Rehabilitation Nursing

The nurses will:

  1. Perform assessments of your medical and health care needs to assist the team in planning your care.
  2. Teach you about your illness or injury, medications prescribed for you, and help you practice the skills you learn in therapy.
  3. Carry out your team treatment plan on a 24-hour basis.
  4. Provide any necessary caregiver training.
  5. Provide nursing care and medication and administration.

Physical Therapy

The physical therapist will:

  1. Work to increase your muscle strength.
  2. Work toward restoring movement and flexibility.
  3. Teach you transfers from various positions and locations.
  4. Assess your walking or mode of mobility and provide training.
  5. Assess your need for and the use of equipment and/or braces.
  6. Work to improve your endurance, balance, and coordination.
  7. Teach you how to use any braces or devices that are necessary to improve your functional mobility, independence, and safety.
  8. Provide any necessary caregiver training which may be required for participation.
  9. Teach you mobility skills needed for community living including walking on various types of surfaces.

Occupational Therapy

The occupational therapist will:

  1. Teach you skills needed for self-care such as eating and dressing.
  2. Teach you skills needed for homemaking, work, recreation, and community living.
  3. Provide any needed adaptive equipment to increase safety and independence.
  4. Work to improve your balance, strength, and coordination, with a focus on arm and hand function needed to perform daily activities.
  5. Work to improve your ability to correctly perceive your environment and function safely.
  6. Access the cognitive skills needed for your life's situation and if needed, improve them or teach your compensatory strategies.
  7. Provide any needed caregiver training.

Speech Therapy

The speech therapist will:

  1. Help you with the swallowing skills needed to eat and drink safely.
  2. Work on your ability to speak and be understood.
  3. Work on your understanding of speech and written materials.
  4. Work on your ability to communicate through writing and/or the use of gestures.
  5. Help to improve your attention, concentration, memory, reasoning, problem solving skills, or instruct you in compensatory strategies if needed.
  6. Instruct you in the proper use of your voice to prevent voice problems or improve your voice quality.
  7. Provide any needed caregiver training.


The dietician will:

  1. Make sure that you have a proper and adequate diet.
  2. Assist you in meal planning and menu choices.
  3. Teach you proper nutrition and special diet preparation.

Social Service

The social worker will:

  1. Assume case management responsibilities for your treatment plan during your hospital stay.
  2. Assist you and your family in coordinating all of the services required for discharge, including referrals to appropriate community agencies.
  3. Assist you and your family to adjust to the changes in your life due to this injury or illness.
  4. Counsel you or your family as necessary.
  5. Assist you with question regarding insurance, finances, and billing.

Pastoral Care

A member of pastoral care is available to:

  1. Assist you and your family with spiritual and emotional concerns.
  2. Contact your parish priest or pastor if you wish to see them.

Discharge Planning

Discharge planning begins the day of admission. Your concerns and plans regarding discharge are important to us so please share them with us early in your stay. Our average length of stay is one to three weeks. The discharge date is a team decision and is determined by the amount of progress made. Goals of discharge planning are to identify a safe place of residence, ensure that the patient and caregivers and adequately trained in essential skills and arrange for any continued services and equipment needs.

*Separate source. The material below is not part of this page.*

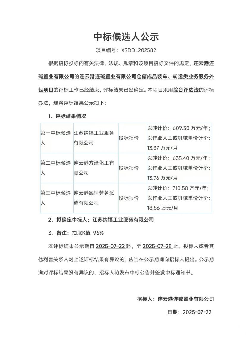 連云港連堿置業(yè)有限公司倉儲成品裝車、轉(zhuǎn)運類業(yè)務(wù)服務(wù)外包項目中標(biāo)候選人公示

  1. Home Safety Assessment It may be beneficial for you and members of the rehabilitation team to make a visit to your home prior to your discharge. They will make recommendations for any modifications in your home that will be helpful for you to be as safe and independent as possible.
  2. After Discharge Because we are interested in your progress after you have been discharged from the ARU, you or your family may be contacted and asked some specific questions concerning your abilities and progress since discharge and your satisfaction with your stay.